Special thanks also go to the following librarians and archivists: Joan Leopold, Dorothea Dix Library and Museum, Harrisburg, Pennsylvania; Katherine W. Trickey, Hampden Historical Society, Hampden, Maine; Kristi C. Heesch, Unitarian Universalist Association, Boston, Massachusetts; David J. Johnson, The Casement Museum, Fort Monroe, Virginia; Jan Lazarus, National Library of Medicine, Washington, DC; Ann Sparanese, Englewood Public Library, Englewood, New Jersey; and Greg Imbroglia, Elaine Scheuerer, and Frank Cuano, Trenton Psychatric Hospital, Trenton, New Jersey.
Chapter One
HARD TIMES: 1802-1809
Dorothea Lynde Dix was a difficult woman—strong-willed, determined, opinionated, and outspoken. Nevertheless, when she died in 1887, people around the world honored her. Proclamations, testimonials, and tributes were spoken and printed from the United States to Japan to England. A prominent American doctor wrote, Thus had died and been laid to rest in the most quiet, unostentatious way the most useful and distinguished woman America has yet produced.

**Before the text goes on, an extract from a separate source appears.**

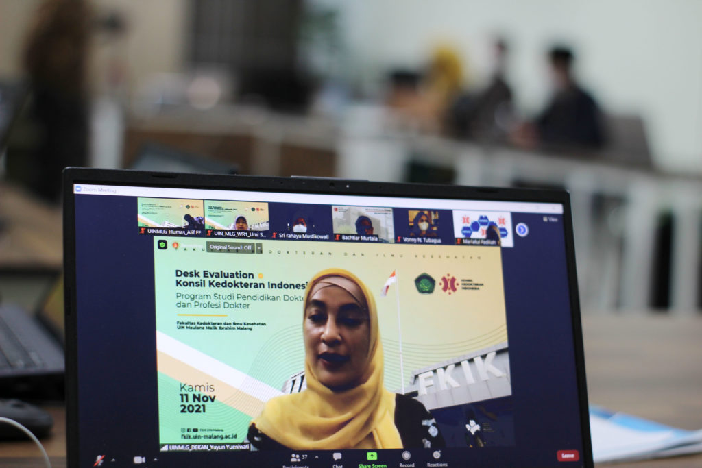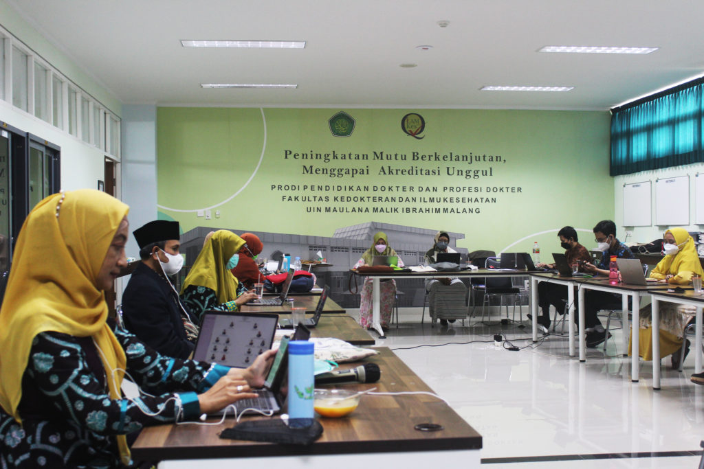 Sebagai tindak lanjut dari kegiatan monitoring dan visitasi Konsil Kedokteran Indonesia (KKI) yang lalu (13/09/2021), pada hari ini Kamis (11/11/2021), Program Studi Pendidikan Dokter Fakultas Kedokteran dan Ilmu Kesehatan (PSPD FKIK UIN Malang) bersama Konsil Kedokteran Indonesia (KKI) menyelenggarakan desk evaluation. Kegiatan ini berlangsung di Ruang Akreditasi lantai 1 Gedung Ibnu Thufail Kampus 3 FKIK UIN Maulana Malik Ibrahim Malang.

Almost a hundred years after her death, the United States Postal Service selected Dorothea Dix to be pictured on a one-cent stamp. Few American women have been honored in this way.
Today most people don’t know who Dorothea Dix was or why her face is on a postage stamp. That would please her. She always shunned publicity for herself. She refused to let anything be written about her. Once, when a person asked for permission to write about her career, Dorothea Dix replied, I feel it right to say to you frankly that nothing could be undertaken which would give me more pain and serious annoyance, which would so trespass on my personal right … or interfere more seriously with the real usefulness of my mission.
Nor would she agree to write anything herself, There is, I think, great difficulty in writing of one’s self: it is almost impossible to present subjects where the chief actor must be conspicuous, and not seem to be, or really be egotistical.
But Dorothea Dix’s life is too important to forget. Like many people, she wanted her life to matter—to mean something. She wanted to make the world a better place. And, despite great difficulties, Dorothea Lynde Dix did.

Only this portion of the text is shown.